EXCERPTED RECORDS:
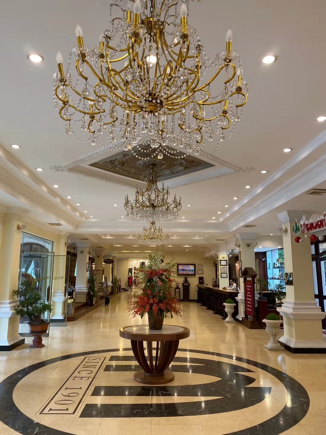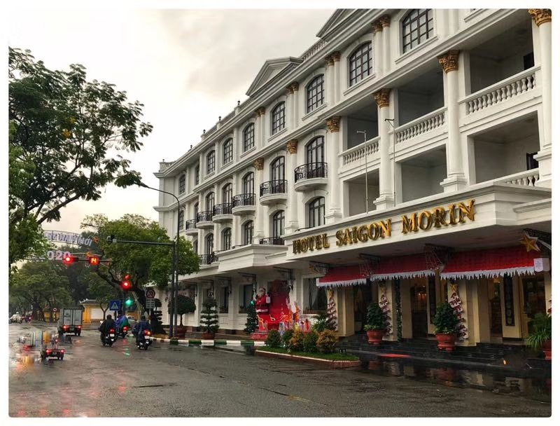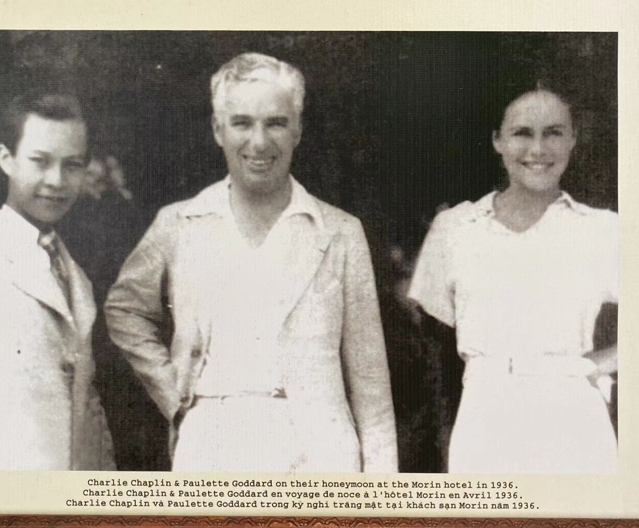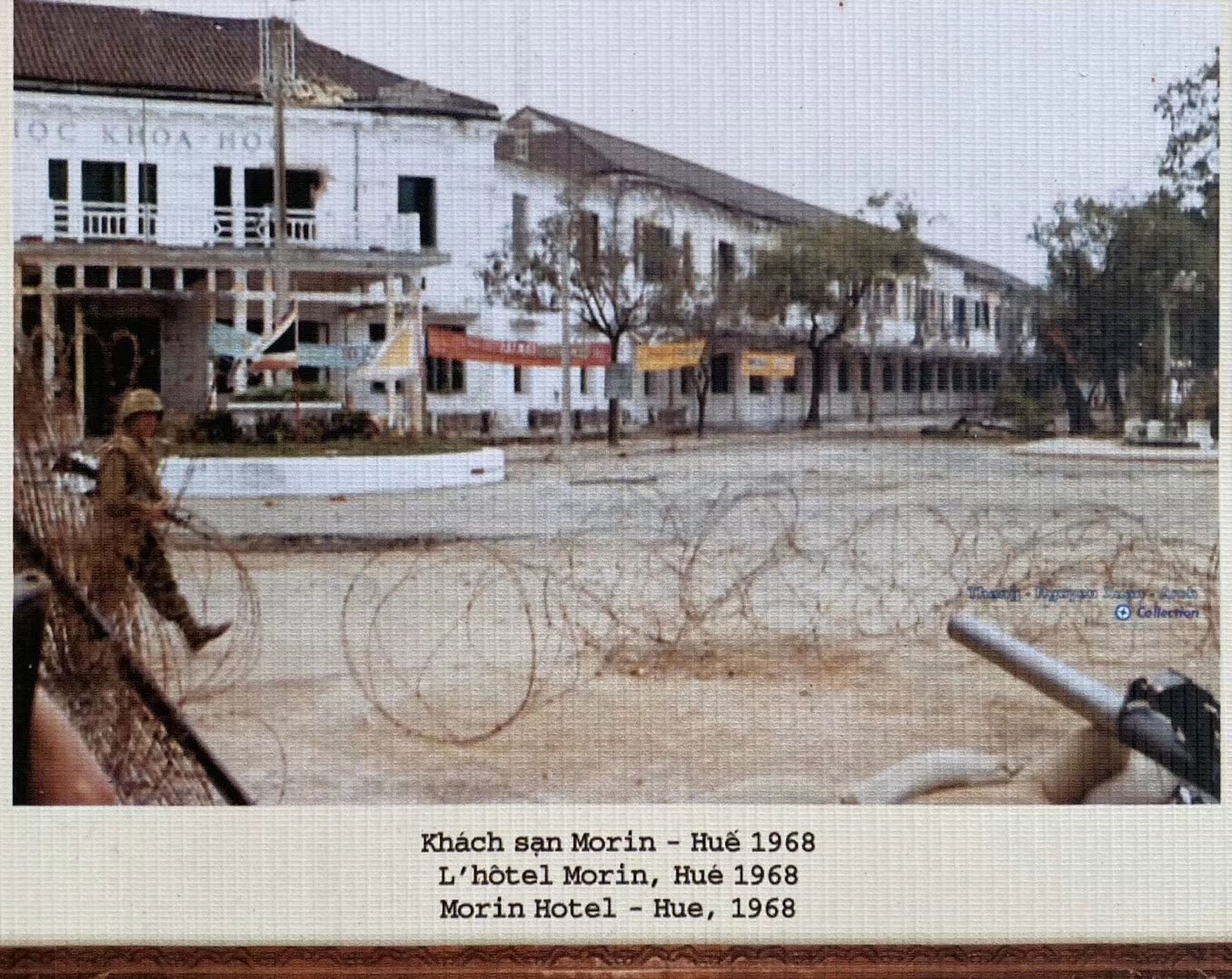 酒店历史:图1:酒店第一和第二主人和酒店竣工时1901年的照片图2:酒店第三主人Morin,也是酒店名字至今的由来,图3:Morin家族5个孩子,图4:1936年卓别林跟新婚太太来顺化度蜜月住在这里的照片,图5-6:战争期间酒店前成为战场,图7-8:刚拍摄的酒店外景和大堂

==

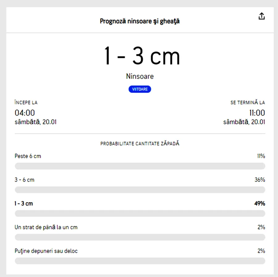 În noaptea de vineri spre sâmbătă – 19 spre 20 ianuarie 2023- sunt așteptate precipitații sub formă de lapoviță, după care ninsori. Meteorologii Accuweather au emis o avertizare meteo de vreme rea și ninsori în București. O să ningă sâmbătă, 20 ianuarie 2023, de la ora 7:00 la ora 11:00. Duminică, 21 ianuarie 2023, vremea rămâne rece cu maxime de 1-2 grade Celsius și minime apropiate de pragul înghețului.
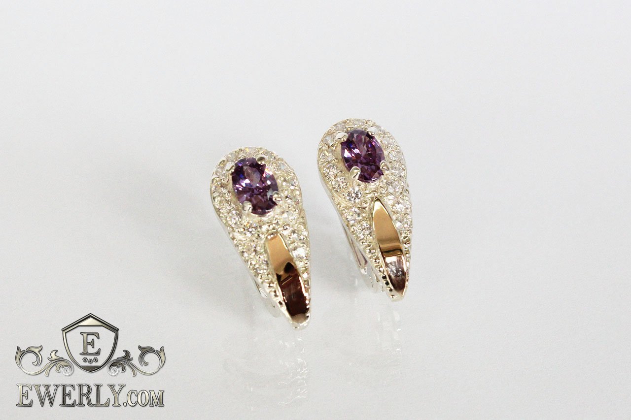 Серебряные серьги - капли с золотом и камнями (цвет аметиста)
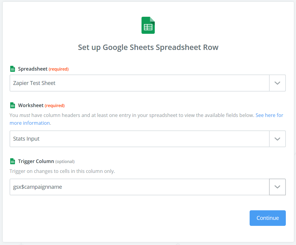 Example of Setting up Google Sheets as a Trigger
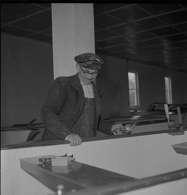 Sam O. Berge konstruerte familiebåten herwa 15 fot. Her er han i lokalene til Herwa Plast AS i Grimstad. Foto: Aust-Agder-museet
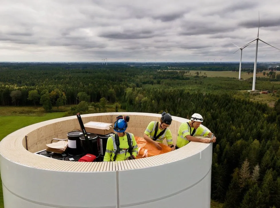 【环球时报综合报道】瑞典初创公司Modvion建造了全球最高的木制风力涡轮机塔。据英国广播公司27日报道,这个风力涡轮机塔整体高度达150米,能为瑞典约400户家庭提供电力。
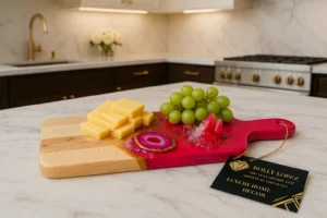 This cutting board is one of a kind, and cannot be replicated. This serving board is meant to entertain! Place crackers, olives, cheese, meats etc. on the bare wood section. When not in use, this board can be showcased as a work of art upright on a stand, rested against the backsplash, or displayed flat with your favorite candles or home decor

...

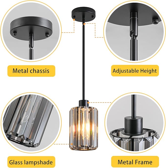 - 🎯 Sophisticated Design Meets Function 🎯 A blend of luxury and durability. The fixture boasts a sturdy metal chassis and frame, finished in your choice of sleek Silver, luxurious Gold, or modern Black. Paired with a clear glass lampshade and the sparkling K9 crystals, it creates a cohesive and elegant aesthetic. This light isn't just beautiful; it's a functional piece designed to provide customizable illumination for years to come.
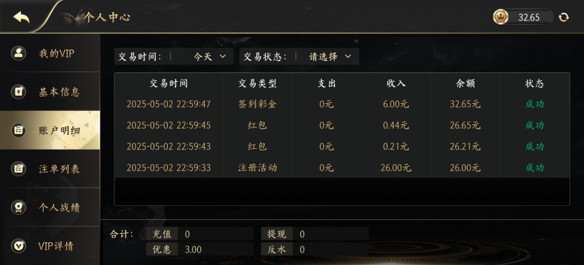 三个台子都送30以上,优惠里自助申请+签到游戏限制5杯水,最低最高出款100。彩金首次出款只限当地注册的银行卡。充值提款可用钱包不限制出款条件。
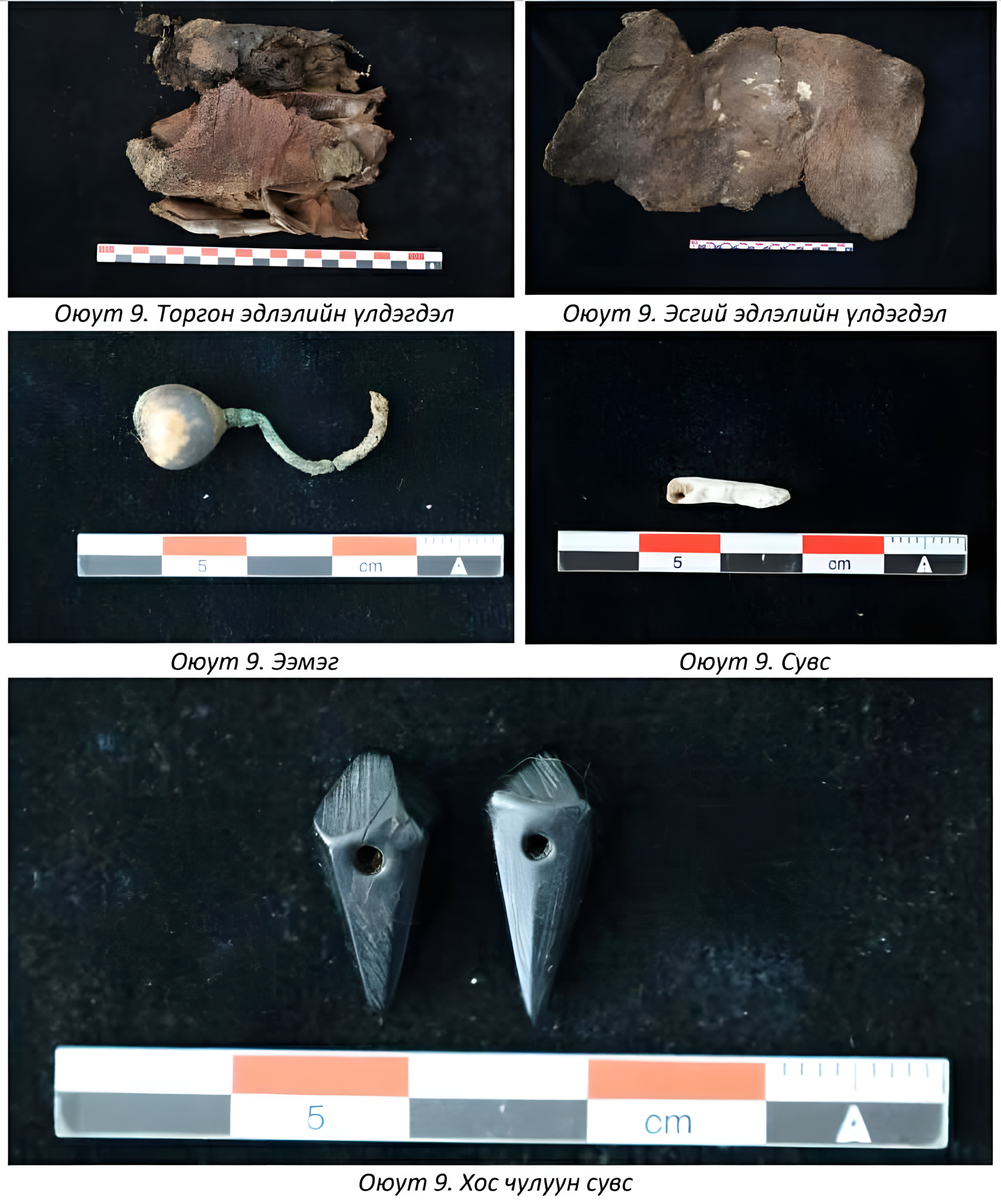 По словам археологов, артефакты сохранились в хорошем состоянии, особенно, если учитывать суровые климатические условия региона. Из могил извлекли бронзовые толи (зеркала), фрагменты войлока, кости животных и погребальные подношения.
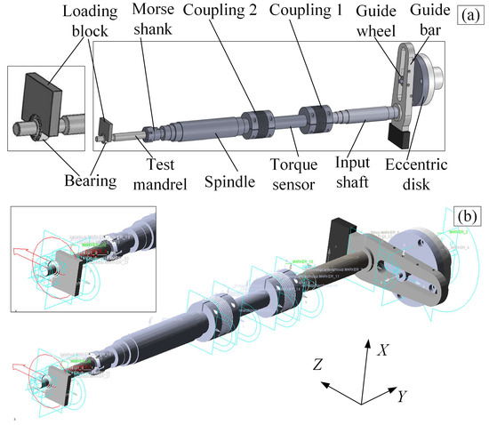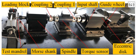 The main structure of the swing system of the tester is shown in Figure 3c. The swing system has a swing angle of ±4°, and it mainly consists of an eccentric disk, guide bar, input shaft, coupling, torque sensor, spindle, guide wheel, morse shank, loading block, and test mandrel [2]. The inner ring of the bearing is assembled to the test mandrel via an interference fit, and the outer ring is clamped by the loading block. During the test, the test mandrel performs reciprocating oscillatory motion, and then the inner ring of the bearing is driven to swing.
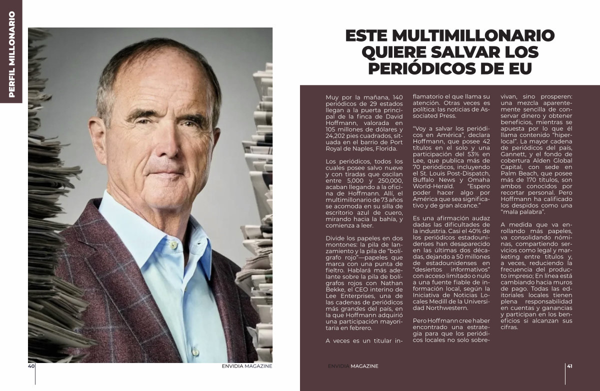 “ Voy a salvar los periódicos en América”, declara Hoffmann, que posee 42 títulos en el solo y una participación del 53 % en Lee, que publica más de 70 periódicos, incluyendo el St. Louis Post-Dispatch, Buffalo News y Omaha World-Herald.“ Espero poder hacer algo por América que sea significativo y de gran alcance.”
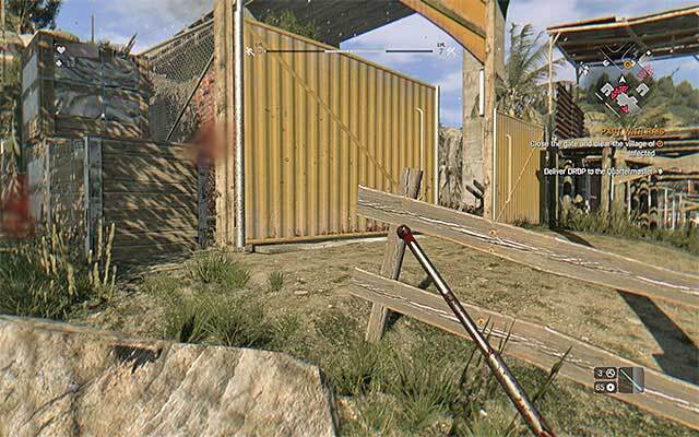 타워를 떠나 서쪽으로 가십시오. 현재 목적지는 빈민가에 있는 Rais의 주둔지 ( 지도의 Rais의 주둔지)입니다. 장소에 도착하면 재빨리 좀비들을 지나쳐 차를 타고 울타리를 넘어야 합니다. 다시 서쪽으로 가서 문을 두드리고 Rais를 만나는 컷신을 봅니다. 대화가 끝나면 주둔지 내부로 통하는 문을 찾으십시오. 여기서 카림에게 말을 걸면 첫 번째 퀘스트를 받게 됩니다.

GOAL OF THE EXERCISE: In the listing above, find the line containing "三个台子都送30以上,优惠里" and the line containing "The main structure", then return both of them and every line between, exactly, without pictures.

SOLUTION FOR THIS PROBLEM:
 三个台子都送30以上,优惠里自助申请+签到游戏限制5杯水,最低最高出款100。彩金首次出款只限当地注册的银行卡。充值提款可用钱包不限制出款条件。
 По словам археологов, артефакты сохранились в хорошем состоянии, особенно, если учитывать суровые климатические условия региона. Из могил извлекли бронзовые толи (зеркала), фрагменты войлока, кости животных и погребальные подношения.
 The main structure of the swing system of the tester is shown in Figure 3c. The swing system has a swing angle of ±4°, and it mainly consists of an eccentric disk, guide bar, input shaft, coupling, torque sensor, spindle, guide wheel, morse shank, loading block, and test mandrel [2]. The inner ring of the bearing is assembled to the test mandrel via an interference fit, and the outer ring is clamped by the loading block. During the test, the test mandrel performs reciprocating oscillatory motion, and then the inner ring of the bearing is driven to swing.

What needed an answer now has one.